About the Book
Scraping - getting a computer to capture information from online sources - is one of the most powerful techniques for data-savvy journalists who want to get to the story first, or find exclusives that no one else has spotted. Faster than FOI and more detailed than advanced search techniques, scraping also allows you to grab data that organisations would rather you didn’t have - and put it into a form that allows you to get answers.
Scraping for Journalists introduces you to a range of scraping techniques - from very simple scraping techniques which are no more complicated than a spreadsheet formula, to more complex challenges such as scraping databases or hundreds of documents. At every stage you'll see results - but you'll also be building towards more ambitious and powerful tools.
You’ll be scraping within 5 minutes of reading the first chapter - but more importantly you'll be learning key principles and techniques for dealing with scraping problems.
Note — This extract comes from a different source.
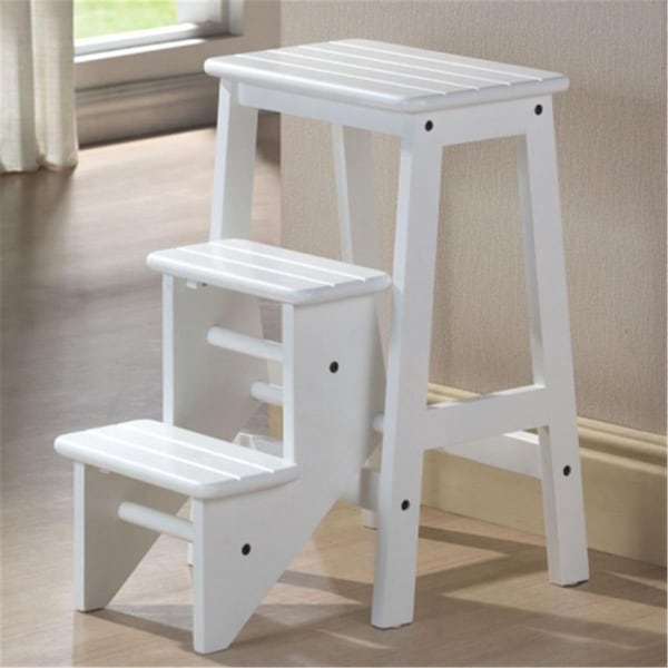 Its time to step up your stool game with the Boraam Niko Step Stool. Crafted from solid hardwood, this stool is an attractive and functional piece of furniture. A safety latch ensures secure use when youre reaching for those high cupboards and shelves. This three-level step stool can easily fold up for out-of-the-way storage when its not actively being used. However, you dont have to hide away the stool in a closet! Instead, decorate it for display with picture frames and small potted plants. The Niko step stool is constructed with solid hardwood for years of use Opens up to a 3-step stool Protective floor glides on base 13 in depth when folded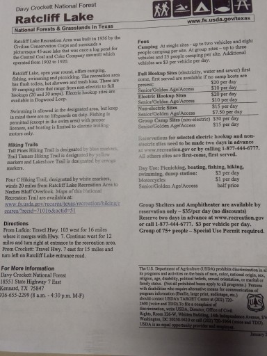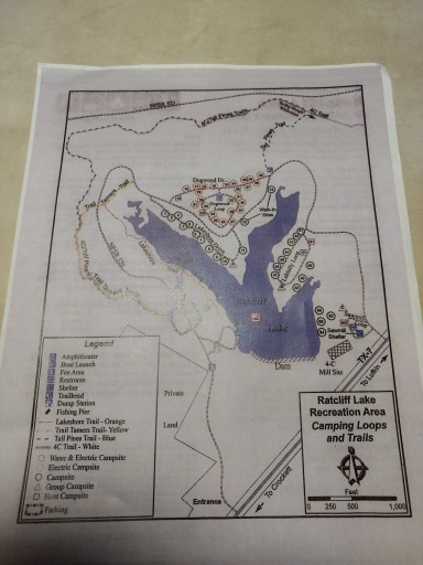 The draw for me was the well-marked and maintained hiking trail loop from the campground through the forest and along Ratcliff Lake.

Unlike general books about programming languages, everything in this book has a direct application for journalism, and each principle of programming is related to their application in scraping for newsgathering. And unlike standalone guides and blog posts that cover particular tools or techniques, this book aims to give you skills that you can apply in new situations and with new tools.
About the Author
Paul Bradshaw runs the MA in Online Journalism at Birmingham City University, and is a Visiting Professor at City University’s School of Journalism in London. He publishes the Online Journalism Blog, and is the founder of investigative journalism website HelpMeInvestigate. He has written for journalism.co.uk, Press Gazette, the Guardian and Telegraph’s data blogs, InPublishing, Nieman Reports and the Poynter Institute in the US. He is the co-author of the Online Journalism Handbook with former Financial Times web editor Liisa Rohumaa, and of Magazine Editing (3rd Edition) with John Morrish. Other books which Bradshaw has contributed to include Investigative Journalism (second edition), Web Journalism: A New Form of Citizenship; and Citizen Journalism: Global Perspectives.
Bradshaw has been listed in Journalism.co.uk’s list of the leading innovators in journalism and media and Poynter’s most influential people in social media. In 2010, he was shortlisted for Multimedia Publisher of the Year.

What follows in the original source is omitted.